The Second Coming and the Last Days contains W.E. Vine’s two best-known books on eschatology and numerous shorter articles.
“Touching the Coming of the Lord,” written with C.F. Hogg, is, says one reviewer, “The best book I’ve ever read on the subject. It is breathtakingly spiritual, rigorously sequent (logical). This book is well worth your while.” The chapters are the expectancy of Christ; the resurrection and the rapture; the parousia of the Lord; the judgment seat of Christ; the epiphany of the parousia; the final Gentile world ruler and his dominion; the effect of the hope; and a synopsis of the Bible doctrine of the second advent.
When World War I broke out in 1914, W.E. Vine was asked how then-current events fit into an understanding of prophecy. His comments and study were written in “The Roman Empire in the Light of Prophecy” which discusses “the rise, progress, and end of the fourth world-empire.” This has been called “classic Bible prophecy study.”
Other articles in The Second Coming and the Last Days are “The Church and the Tribulation,” “The Rapture and the Great Tribulation,” Witnesses to the Second Advent,” “The Coming Priest-King,” “The Sealed Book of the Apocalypse,” and “The Four Women of the Apocalypse.”

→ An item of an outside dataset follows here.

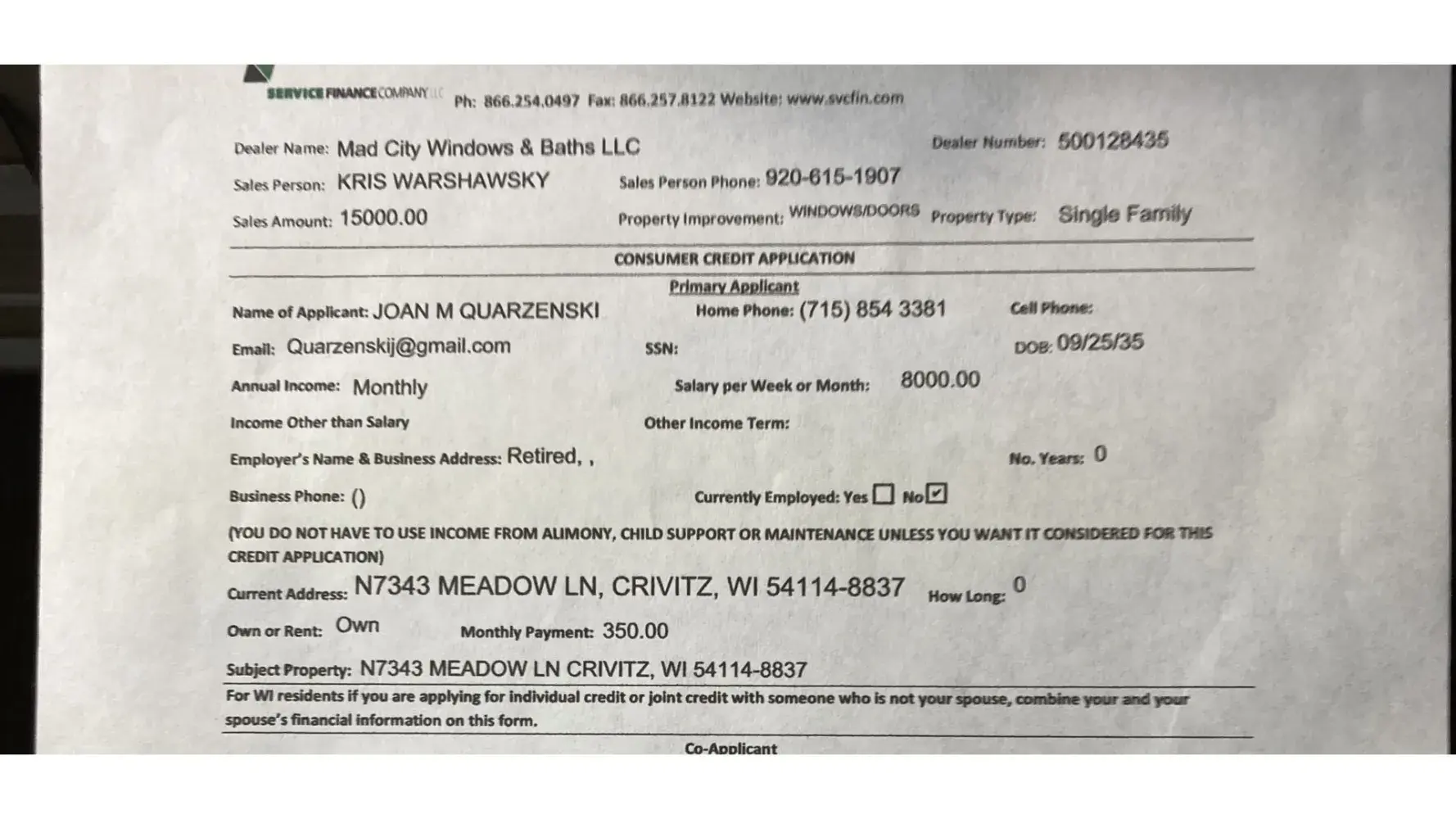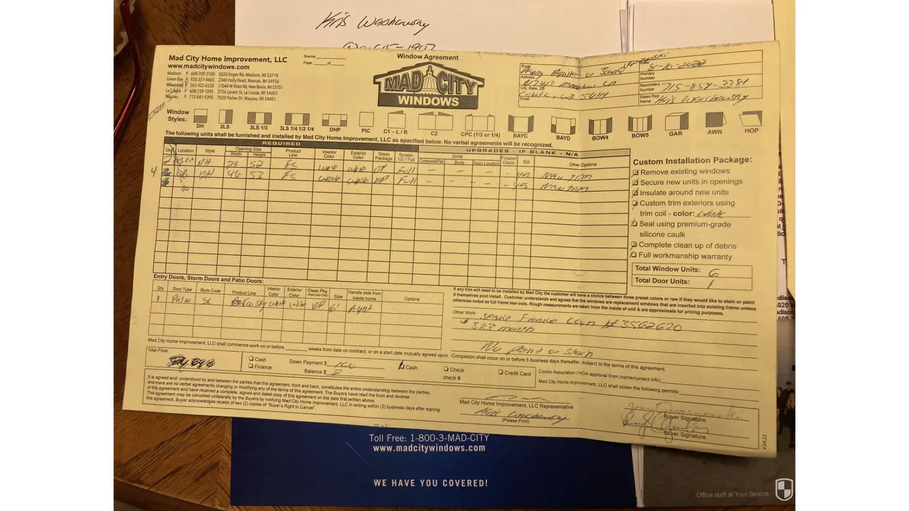 Mad City salesman Kris Warshawsky took all my mom and my numbers for the credit report and made this great big spiel about having windows and doors and bathroom in. I had told Kris that we don’t want to up in price because we are on a fixed income. Kris gave us the figure of, I wasn’t sure because he scribbled out one price and wrote over it with what...

W.E. Vine wrote these books before World War II and the creation of the state of Israel in 1948, the first independent Jewish state since 63 B.C. Vine and Hogg would have liked to have applied their understanding of prophecy to the events of the last nearly 100 years. One of the many things that makes these writings so interesting is that they did not have that opportunity.